In a proceeding pursuant to Lien Law § 17 to discharge and cancel an undertaking furnished by the petitioner Flintlock Realty & Construction Corp. to secure and discharge a mechanic’s lien, Grawer Bear Construction Corp. appeals from a judgment of the Supreme Court, Westchester County (Delaney, J.), dated August 22, 1990, which granted the petition and discharged the undertaking, and which denied its cross application to extend its lien, and to amend its complaint in a related action.
Ordered that the judgment is affirmed, with costs.
*533Contrary to the appellant’s contention, we find that the Supreme Court properly granted the petitioner’s application to discharge and cancel its undertaking.

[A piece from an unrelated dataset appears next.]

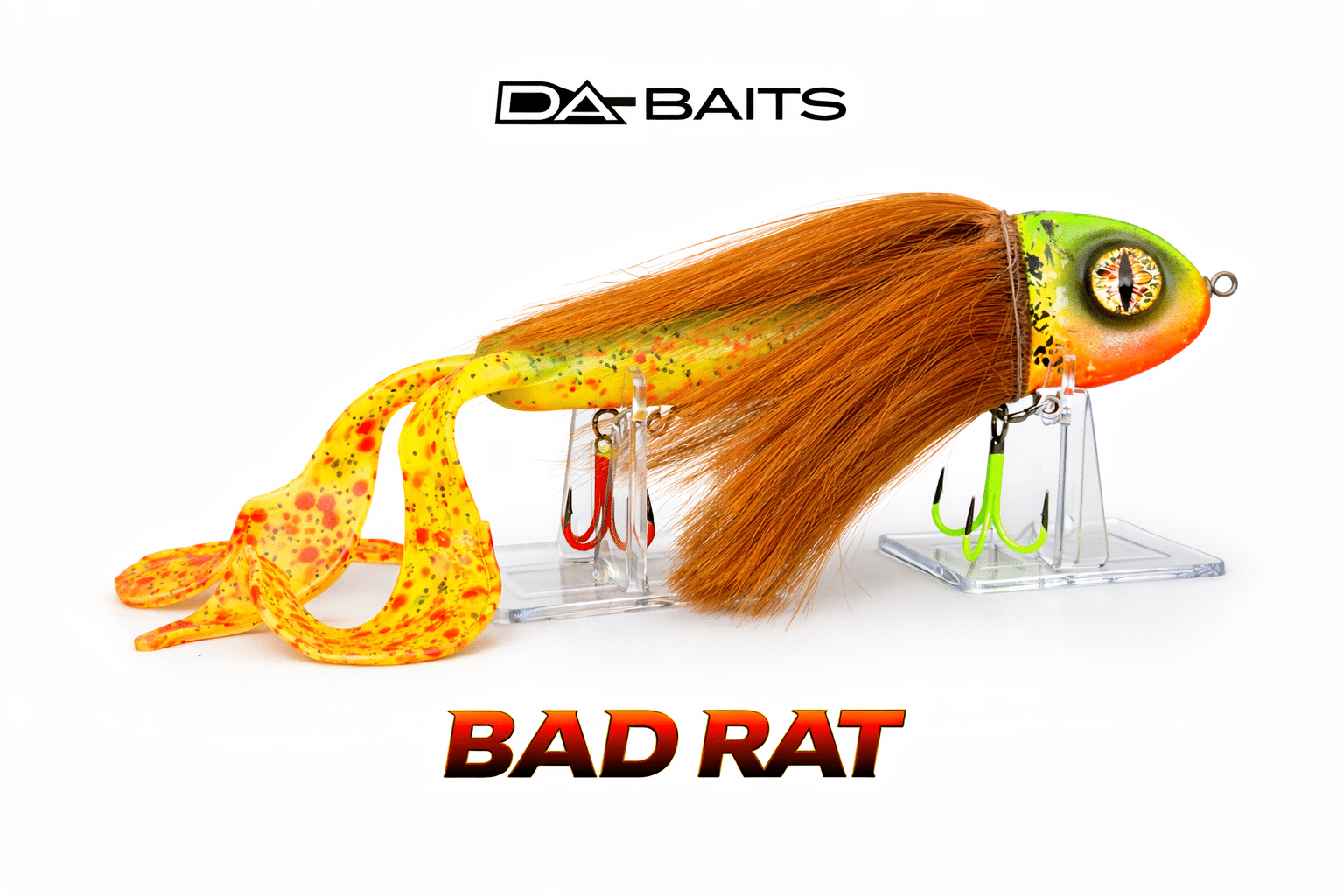 De Bad Rat is een opvallende, handgemaakte creatie met karakter. Een verzwaarde houten kop, met zorg afgewerkt met airbrush-details, gecombineerd met haar en een soepel softbait-lichaam. Deze unieke mix van materialen zorgt voor een verleidelijk, natuurlijk spel onder water waar roofvis simpelweg niet omheen kan.

Lien Law § 17 provides, inter alia, that a private improvement lien is effective only for one year from the date of filing unless, within such one-year period, the lienor commences an action to foreclose the lien or secures an extension of the lien (see, 3 Warren’s Weed, New York Real Property, Mechanics’ Lien, § 10.01 [4th ed]). While the statute, as amended in 1989, now allows a lienor to obtain an initial one-year extension by filing an extension in the County Clerk’s office, under the law as it existed when the subject lien was filed in 1987, an extension could only be obtained by court order (see, Matter of Binghamton Masonic Temple v Armor El. Co., 186 AD2d 338). The requirements of Lien Law § 17 are applicable where, as here, a mechanic’s lien has been "discharged by deposit or by order on the filing of an undertaking” (Lien Law § 17).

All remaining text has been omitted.